Dataset entries:
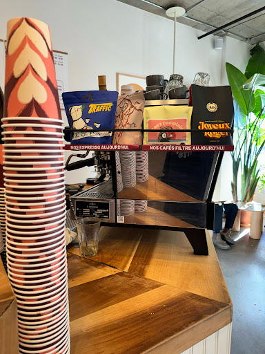 Read moreWhile when you walk in past the pretty terrasse, the lineup, to the left, of serious geriatric students of the internet are a little imposing (unless it is there is a seat for YOU and your MAC), this place (equipped with TWO pristine and functioning bathrooms! You could use both!) is pretty much a temple to good coffee (and good cheer). The baristas are charming and charmingly precise with their drinks, and never once have I had a milky flower design on my coffee that didn't seem absolutely necessary. True, it ain't free, but the cortado (providing they are using a servicable bean) is pretty superlative. Baked goods, good for the neighborhood, but croissants often deflated and somewhat salty. That said, it is EXCEEEDLY rare to find a flaky fresh croissant, in part because they are too MORTAL a pastry. The place used to be a little monastic with...what do you call them, teleworkers? But in recent years the vibe is good, the patio upbeat and fillled with pretty people in the good times, and the proximity to the...
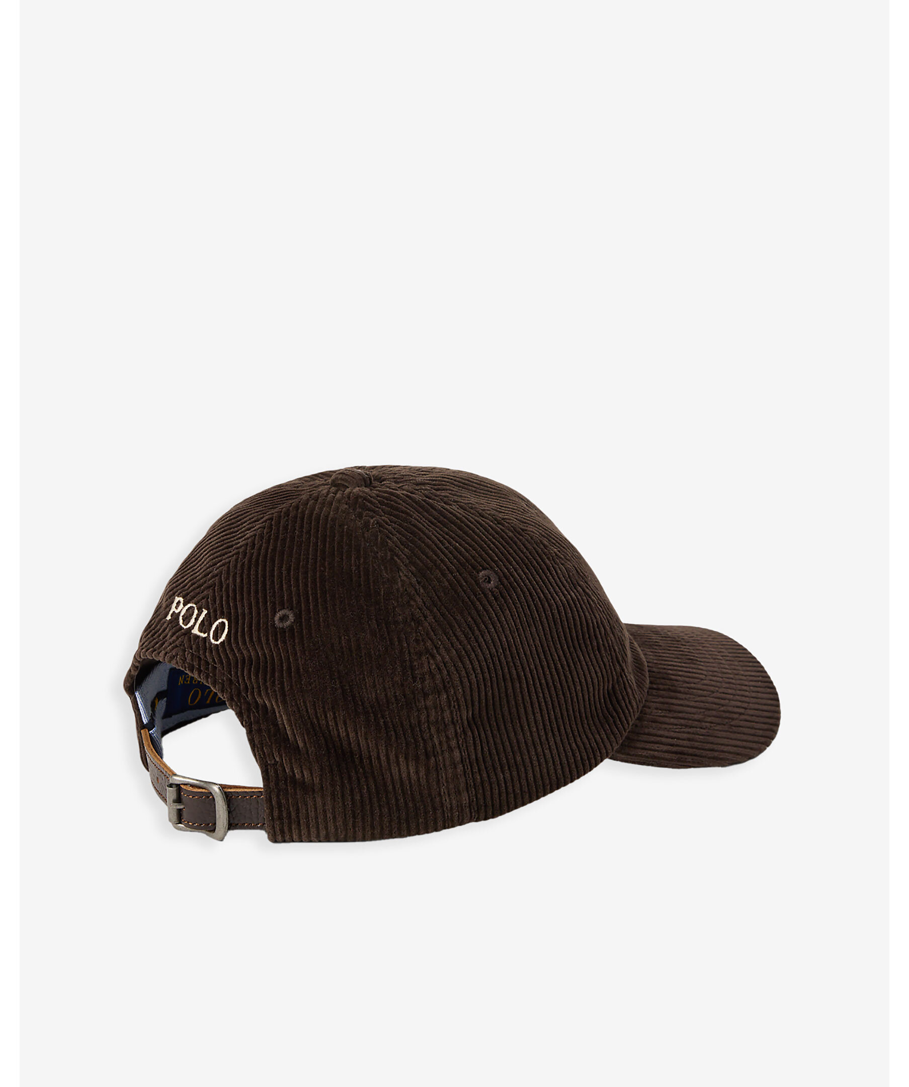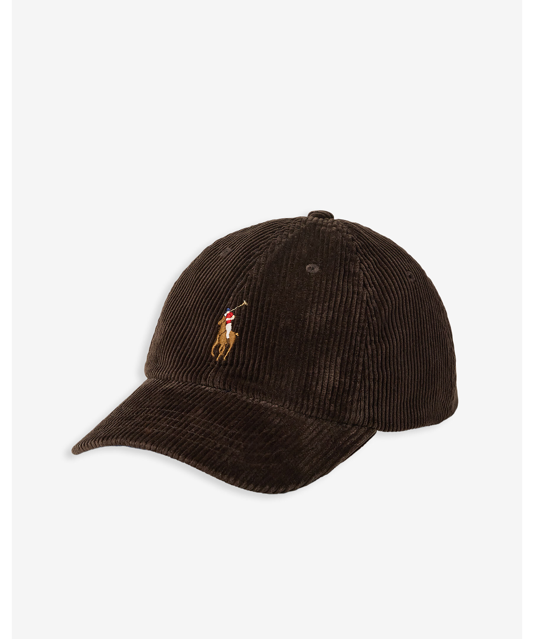 Mörkbrun keps i manchestertyg från Polo Ralph Lauren. Broderad polohäst på framsidan och logga på baksidan.
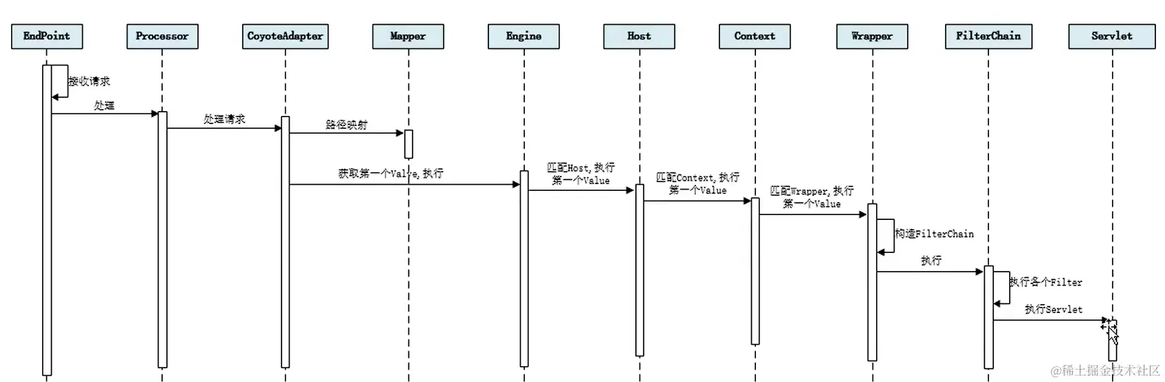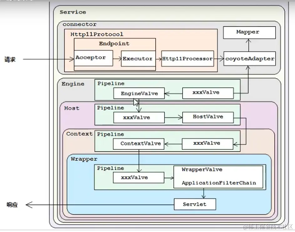 engine ,host,context,wrapper是链式的调用,在filterchain中执行过滤器和具体的servlet,用户实现的servlet实现了具体方法,在这里执行
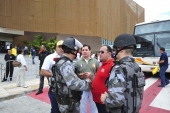 Sindicato realiza protesto e BB chama batalhão de choque da polícia
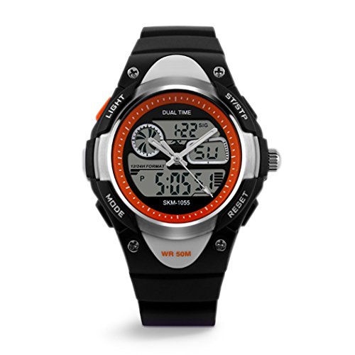 The watch is suitable for children's daily use or helping children learn to tell the time. If you are looking for a watch for your kids'daily use or helping children learn to tell the time, this watch is for you. This watch is of good quality, durable, with digital and analog display, waterproof and back light function. The function of this watch can meet the needs of daily use. For example, When it's raining or taking a shower, you don't need to take off the watch. In the dark or at night you can also check the time. One year quality assurance If the watch is not damaged by non-human factors in a year, please feel free to contact us. We will give you a free replacement watch or a refund. This watch is well packaged and suitable as a gift. Package includes: 1* watches, 1*English instructionsIf you want to buy TOPCABIN Boys Girls Resin Hands and Digital Wristwatch Child student Swim Sport Digital Watch -50m WaterProof Watch Black safely and comfortably please click on the button below:
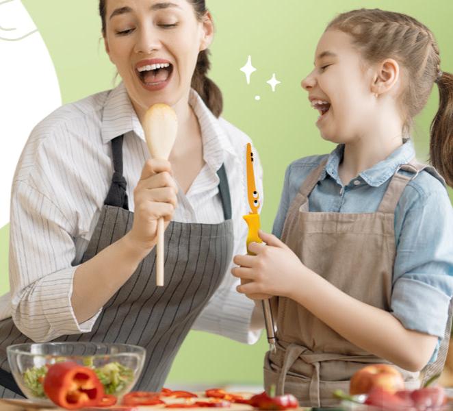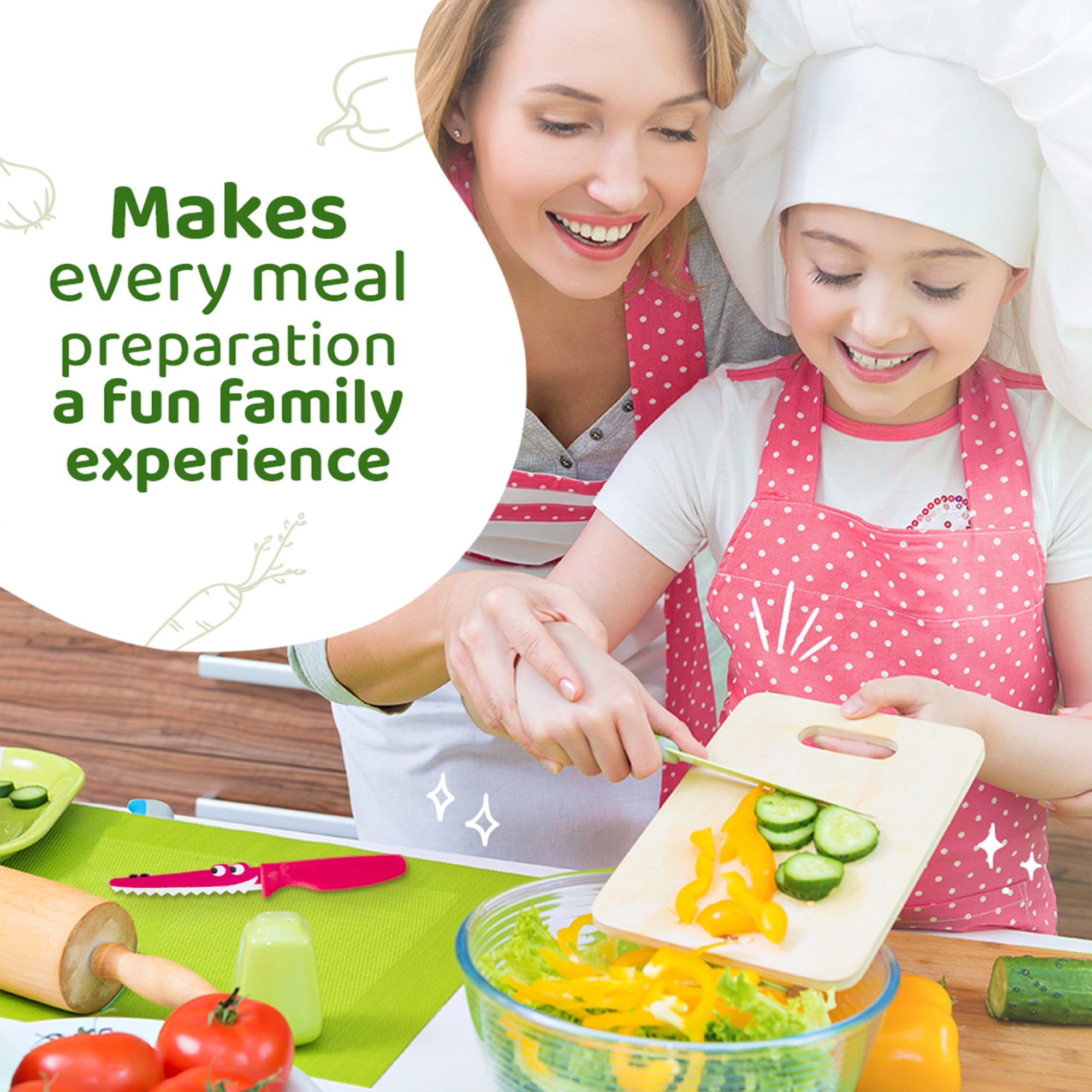 Unleash your child's inner chef with our toddler knives! thoughtfully designed with a kid-friendly blade to make slicing and dicing a breeze for tiny hands. This mini chef knife ensures kitchen adventures are not only fun but also free from concerns. Watch as your aspiring chefs transform ordinary ingredients into delightful mouth-watering creations. And, with its effortless slicing and dicing, you can let your child take the lead in crafting their own fruit salads and veggie platters for a fun and tasty exploration!
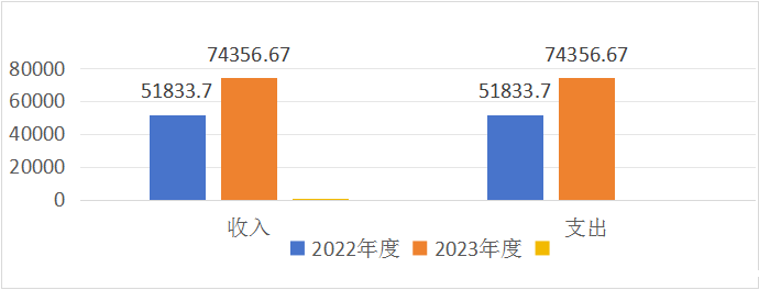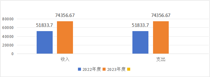 2023年度收、支总计均为74356.67万元。与2022年度相比,收、支总计各增加22522.97万元,增长43.45%。主要变动原因是上级项目补助资金增加。
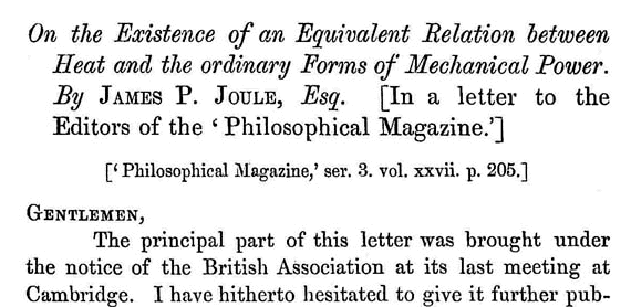 Nel giugno 1845 Joule presentò una comunicazione alla riunione della British Association a Cambridge. Un breve resoconto della comunicazione, On the Mechanical Equivalent of Heat, fu pubblicato nei Brit. Assoc. Rep., trans.
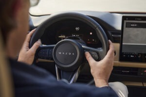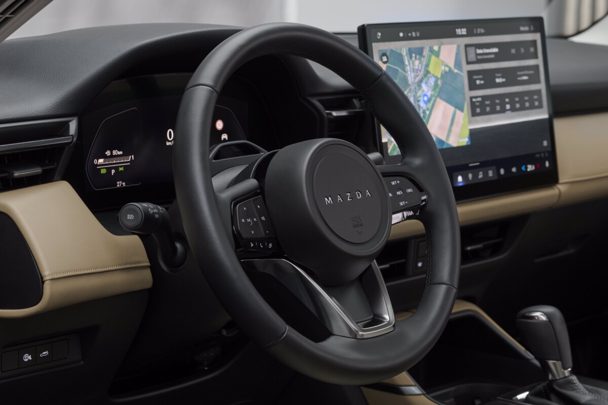La nuova esperienza HMI è progettata per mantenere il guidatore sempre al pieno controllo, riducendo al minimo distrazioni visive, manuali e cognitive. Riflette la filosofia di sicurezza di Mazda, puntando a semplicità e facilità d’uso in ogni interazione. Al centro di un layout orizzontale ben definito si trova un nuovo display touch integrato – disponibile nelle versioni da 12,9 o 15,6 pollici, con un’interazione personalizzabile in stile smartphone. I comandi principali seguono una logica orientata alla sicurezza: i pulsanti fisici restano dedicati alle funzioni essenziali, mentre le funzionalità più utilizzate sono posizionate in alto e sempre visibili, riducendo i movimenti oculari. Tutti i modelli sono dotati di un quadro strumenti digitale da 10,25 pollici e di un head-up display più ampio rispetto al passato. I comandi capacitivi sul volante consolidano funzioni chiave come la visuale a 360 gradi e il Mi-Drive, pur consentendo ancora l’uso tradizionale dei pulsanti a bilanciere. Il riconoscimento vocale ad alta precisione permette inoltre un controllo completo senza togliere le mani dal volante.

PROBLEM TO SOLVE: An exact copy of the records is required. Pictures do not belong in it.

RESULT FOR THIS EXERCISE:
 Read moreWhile when you walk in past the pretty terrasse, the lineup, to the left, of serious geriatric students of the internet are a little imposing (unless it is there is a seat for YOU and your MAC), this place (equipped with TWO pristine and functioning bathrooms! You could use both!) is pretty much a temple to good coffee (and good cheer). The baristas are charming and charmingly precise with their drinks, and never once have I had a milky flower design on my coffee that didn't seem absolutely necessary. True, it ain't free, but the cortado (providing they are using a servicable bean) is pretty superlative. Baked goods, good for the neighborhood, but croissants often deflated and somewhat salty. That said, it is EXCEEEDLY rare to find a flaky fresh croissant, in part because they are too MORTAL a pastry. The place used to be a little monastic with...what do you call them, teleworkers? But in recent years the vibe is good, the patio upbeat and fillled with pretty people in the good times, and the proximity to the...
 Mörkbrun keps i manchestertyg från Polo Ralph Lauren. Broderad polohäst på framsidan och logga på baksidan.
 engine ,host,context,wrapper是链式的调用,在filterchain中执行过滤器和具体的servlet,用户实现的servlet实现了具体方法,在这里执行
 Sindicato realiza protesto e BB chama batalhão de choque da polícia
 The watch is suitable for children's daily use or helping children learn to tell the time. If you are looking for a watch for your kids'daily use or helping children learn to tell the time, this watch is for you. This watch is of good quality, durable, with digital and analog display, waterproof and back light function. The function of this watch can meet the needs of daily use. For example, When it's raining or taking a shower, you don't need to take off the watch. In the dark or at night you can also check the time. One year quality assurance If the watch is not damaged by non-human factors in a year, please feel free to contact us. We will give you a free replacement watch or a refund. This watch is well packaged and suitable as a gift. Package includes: 1* watches, 1*English instructionsIf you want to buy TOPCABIN Boys Girls Resin Hands and Digital Wristwatch Child student Swim Sport Digital Watch -50m WaterProof Watch Black safely and comfortably please click on the button below:
 Unleash your child's inner chef with our toddler knives! thoughtfully designed with a kid-friendly blade to make slicing and dicing a breeze for tiny hands. This mini chef knife ensures kitchen adventures are not only fun but also free from concerns. Watch as your aspiring chefs transform ordinary ingredients into delightful mouth-watering creations. And, with its effortless slicing and dicing, you can let your child take the lead in crafting their own fruit salads and veggie platters for a fun and tasty exploration!
 2023年度收、支总计均为74356.67万元。与2022年度相比,收、支总计各增加22522.97万元,增长43.45%。主要变动原因是上级项目补助资金增加。
 Nel giugno 1845 Joule presentò una comunicazione alla riunione della British Association a Cambridge. Un breve resoconto della comunicazione, On the Mechanical Equivalent of Heat, fu pubblicato nei Brit. Assoc. Rep., trans.
La nuova esperienza HMI è progettata per mantenere il guidatore sempre al pieno controllo, riducendo al minimo distrazioni visive, manuali e cognitive. Riflette la filosofia di sicurezza di Mazda, puntando a semplicità e facilità d’uso in ogni interazione. Al centro di un layout orizzontale ben definito si trova un nuovo display touch integrato – disponibile nelle versioni da 12,9 o 15,6 pollici, con un’interazione personalizzabile in stile smartphone. I comandi principali seguono una logica orientata alla sicurezza: i pulsanti fisici restano dedicati alle funzioni essenziali, mentre le funzionalità più utilizzate sono posizionate in alto e sempre visibili, riducendo i movimenti oculari. Tutti i modelli sono dotati di un quadro strumenti digitale da 10,25 pollici e di un head-up display più ampio rispetto al passato. I comandi capacitivi sul volante consolidano funzioni chiave come la visuale a 360 gradi e il Mi-Drive, pur consentendo ancora l’uso tradizionale dei pulsanti a bilanciere. Il riconoscimento vocale ad alta precisione permette inoltre un controllo completo senza togliere le mani dal volante.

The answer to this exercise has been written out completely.